The haunted, shadow laden world of German Expressionist silent films was one punctuated by layers of psychological complexity expressed in a highly visual way, employing camera tricks, effects work, and lighting set-ups that were far ahead of their time. Through their technical brilliance they evoked a picture of a country caught between the past and future, one looking cautiously forward (such as in Lang’s Metropolis), but still recalling its own troubled history (the superstition-filled world of Murnau’s Faust).
The combination of McKean and silent film produces extremely powerful results, clearly seen in every piece at the Early Cinema exhibition. Here is a creator so inspired by his subject that it taps into the deepest reservoir of his talent.
McKean’s highly evolved work often utilizes an earth-toned collage of painting, photography, found objects, and turn of the century letter-press type on a single piece. The result evokes a well-worn past while remaining original and fresh.

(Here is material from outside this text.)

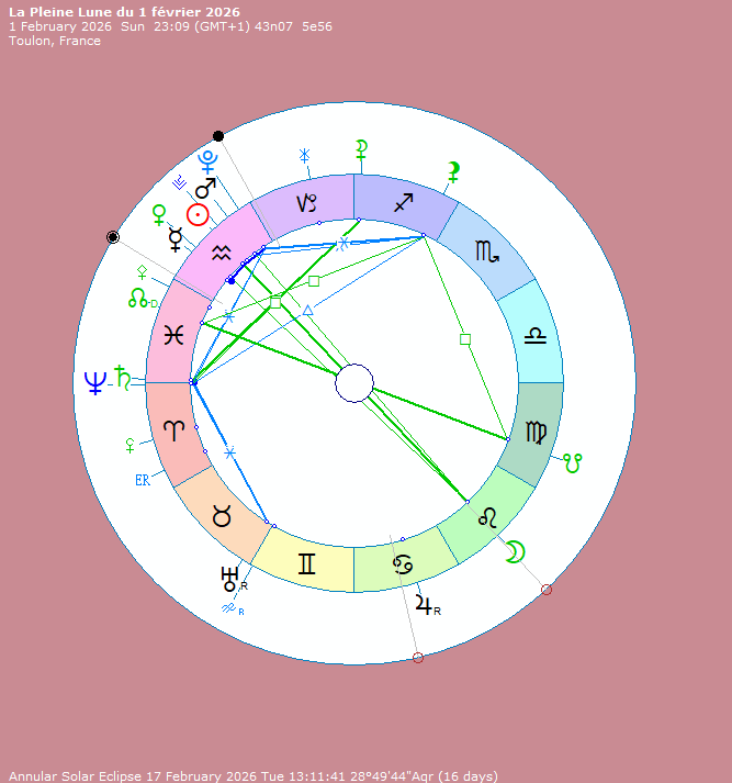Pour cette Pleine Lune du 1er février 2026, la concentration d’énergie dans le processus qui nous sensibilise aux pensées et aux idées collectives est exceptionnellement forte. Ce n’est pas une configuration très durable, mais elle affecte directement et fortement les formes de conscience qui nous font fonctionner au quotidien. Le mental est stimulé par cela si bien que nous pouvons facilement émettre des pensées de partage et de solidarité ou de partage, Notre esprit pense aux autres plus facilement. Notre conscience de la sensorialité trouvera du plaisir à partager et à vivre dans une ambiance solidaire et collective. Notre vitalité est également augmentée par les énergies collectives et solidaires dans notre manière de vivre. Nous avons en nous le désir de participer ou de réinventer pour le meilleur une façon d’être plus équitable, plus partageuse et solidaire.
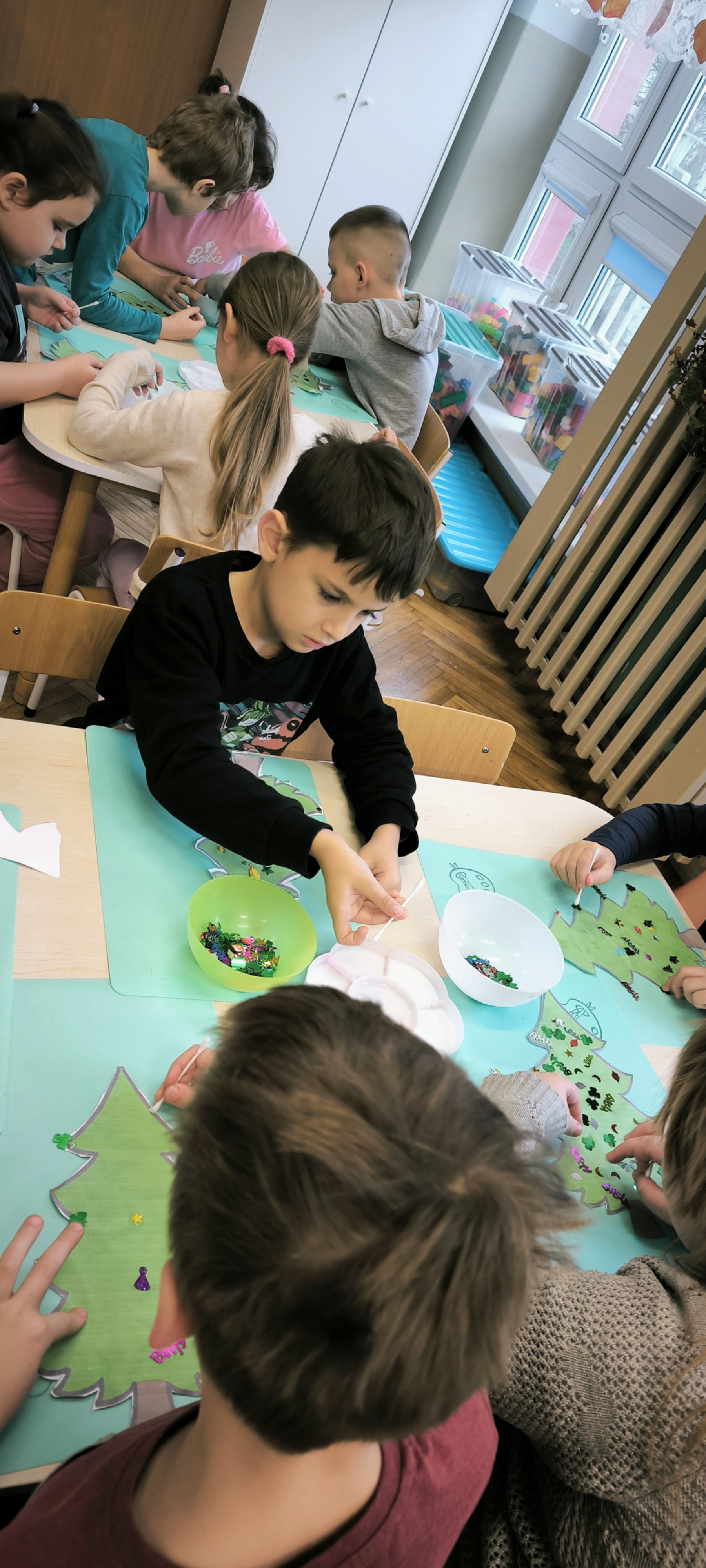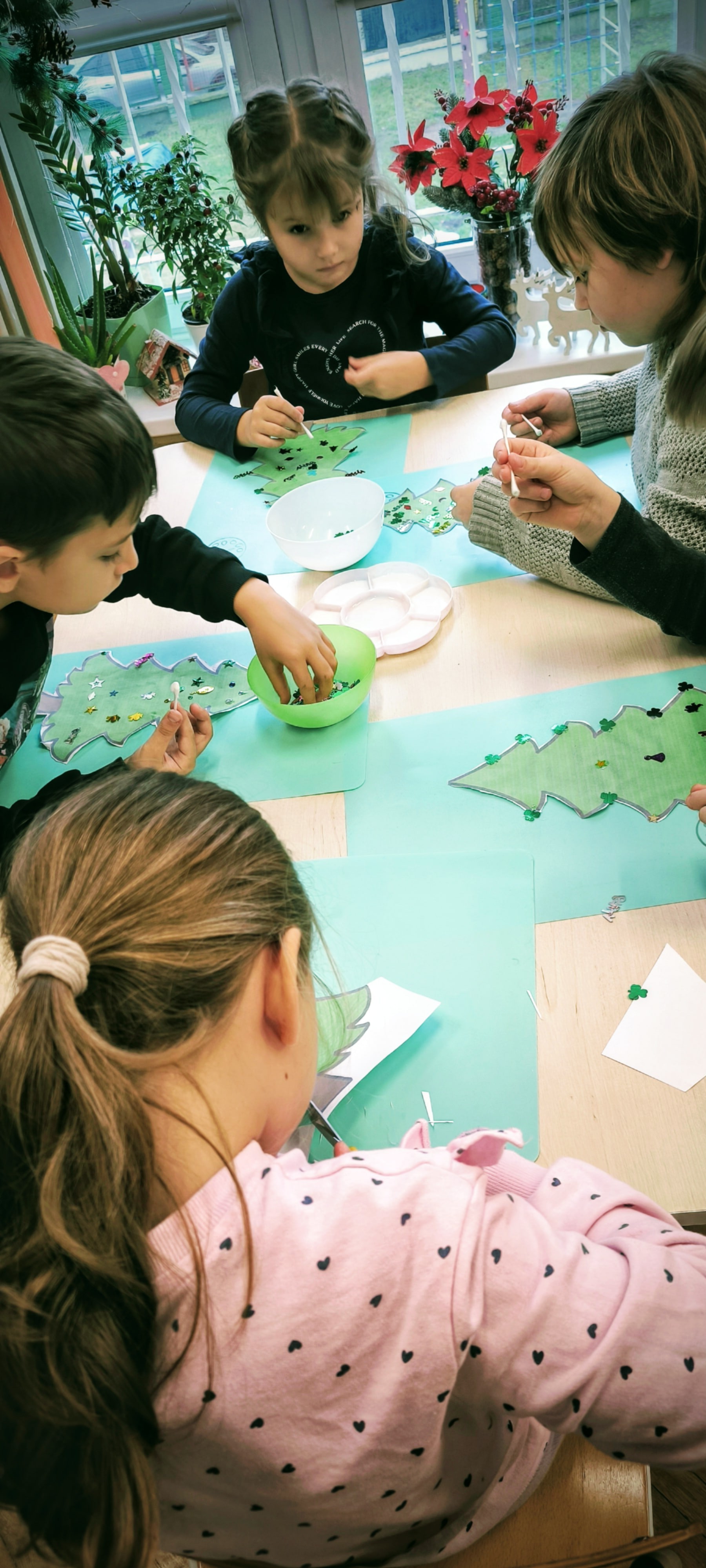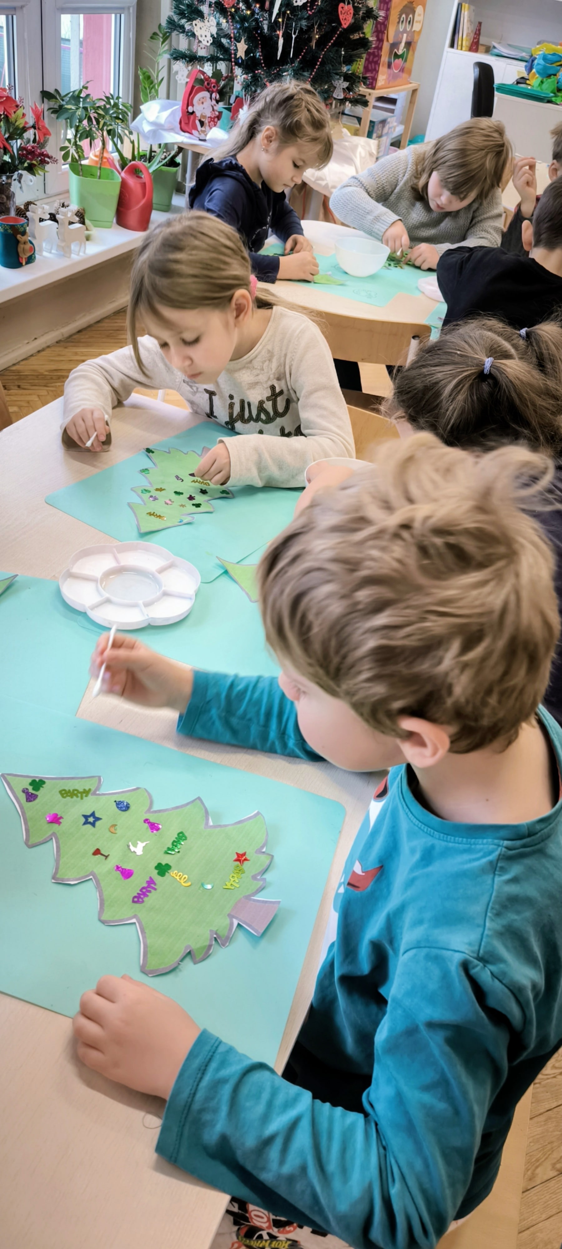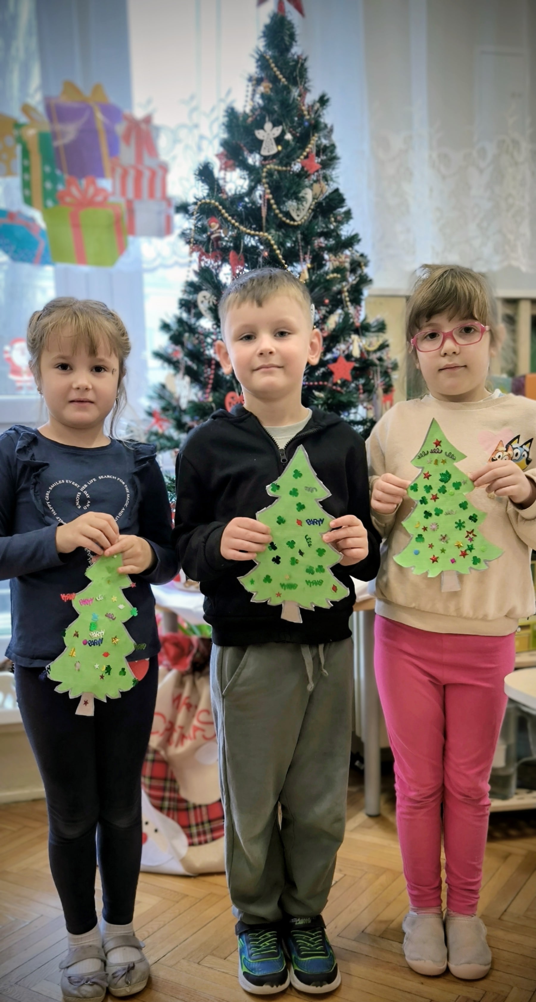 "Zielona choinka do nas zawitała. Święta się zbliżają, przystroić się chciała. Zrobimy ozdoby, ubierzemy drzewko, niech będzie wesoło, chodźcie dzieci prędko!!! Weźmiemy cekiny różnokolorowe, raz,dwa i bombeczki w mig będą gotowe!!!" Kreatywne choinki samodzielnie wycięte i udekorowane cekinami według indywidualnych pomysłów starszaków.

The large scale, 40″ x 40″ pieces were also complemented by several smaller ink on paper pieces that further explored the world of the silent classics.

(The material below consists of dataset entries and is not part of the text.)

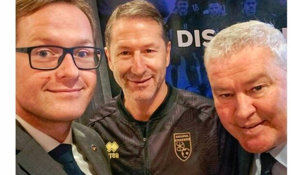 “I urojmë ekipit kombëtar të Kosovës fat të mbarë në ndeshjen e sonte kundër Sllovenisë! I Ngarkuari ynë me Punë, Christian Böttcher, pati kënaqësinë të takohej me trajnerin e ekipit kombëtar, Foda dhe Sekretarin e Përgjithshëm të Federatës së Futbollit të Kosovës, z. Weidner”.
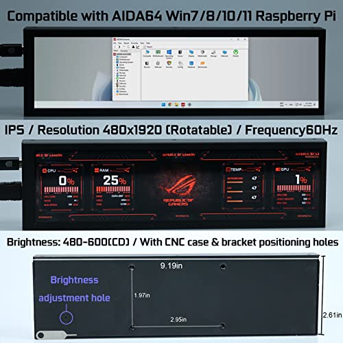 - IPS Full HD 8.8 Inch LCD Screen for PC Case / Resolution 1920x480 / Refresh Rate 60Hz / Touchable(please select the touch version option) / Brightness Adjustable: 480-600(CD) / with Positioning Holes / Horizontal Vertical Rotatable Secondary Screen
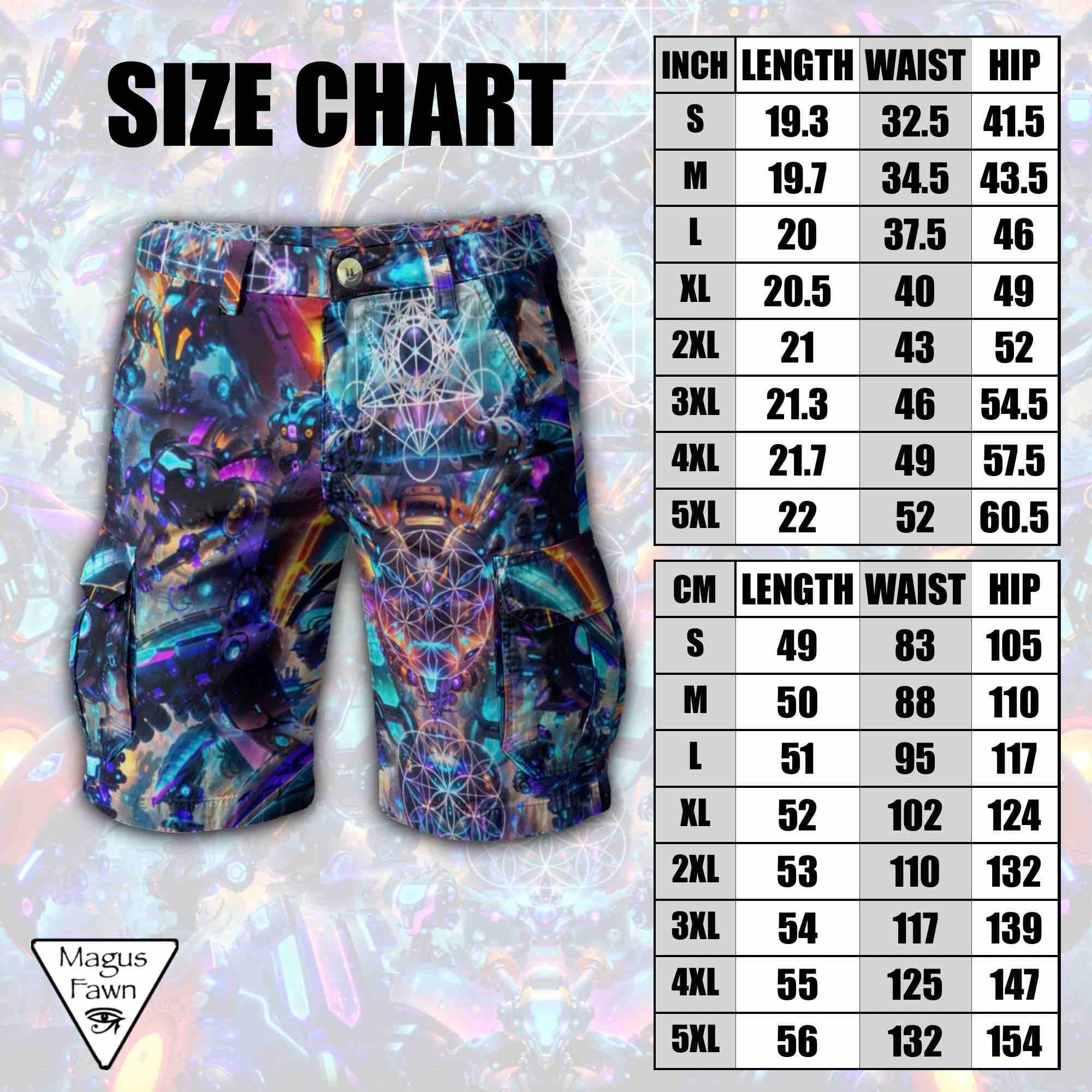 Designed for comfort and everyday versatility, these men’s cargo shorts are made from a durable, breathable denim-like fabric that offers a relaxed feel with a classic, casual look. Featuring a trippy psychedelic art print with a sturdy button-closure waistband and multiple cargo pockets for easy storage, they balance function and style effortlessly. The comfortable fit allows for all-day movement, making these shorts perfect for festivals, rave shorts for men and ready for wherever the journey takes you.

The Billy Shire Fine Arts gallery accompanied the astounding McKean pieces with numerous vintage (and exceedingly rare) original silent film posters as part of the concurrently running Nitrate and Kinogeists show. These were made using the (common at the time) stone-lithography process which is all but forgotten now except for its use by a handful of artists aware of the beautiful results it provides.

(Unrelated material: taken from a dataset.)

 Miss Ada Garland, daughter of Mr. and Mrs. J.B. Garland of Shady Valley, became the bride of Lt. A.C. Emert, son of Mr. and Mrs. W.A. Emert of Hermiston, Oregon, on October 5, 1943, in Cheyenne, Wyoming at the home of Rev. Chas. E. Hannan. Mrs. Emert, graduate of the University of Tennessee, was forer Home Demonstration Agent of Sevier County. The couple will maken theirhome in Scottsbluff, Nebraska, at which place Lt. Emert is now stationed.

It was no surprise that an exhibition opening of this magnitude would be attended by McKean’s comic book colleagues, but I couldn’t help but be knocked out by some of the names in attendance. Such as Grant Morrison the beautiful young actress Stephanie Leonidas, star of the McKean directed / Neil Gaiman written film MirrorMask. When I asked if the filming of MirrorMask was difficult for her (she is on-camera almost every moment of the film) she noted that her director actually made the task very easy for her. She went on to explain that McKean was so friendly and patient on the set (as well as highly prepared with the entire film extensively storyboarded) that the whole experience was a lot of fun. This actually did not surprise me as McKean could not have been any friendlier at the show, happily signing books, posing for pictures, and talking at length with everybody who approached him.
As the evening neared its end I had the chance to express to McKean how great I thought the work was, especially his awesome piece inspired by the opening sequence of Faust in which the Devil looms over a village that is soon to be ravaged by the bubonic plague. I inquired as to why the original was not at the show (it was available, as several of the works are, from the gallery as limited edition prints). He smiled and said that it was in his house, the one piece of the group that he was not willing to part with.
It certainly goes without saying that the Early Cinema exhibition is absolutely mandatory viewing for every Dave McKean fan (or cinema buff for that matter). To see work firsthand from a top artist at the peak of his creative powers is astonishing, so be sure to catch this show at the Billy Shire Fine Arts gallery before its close on March 6th.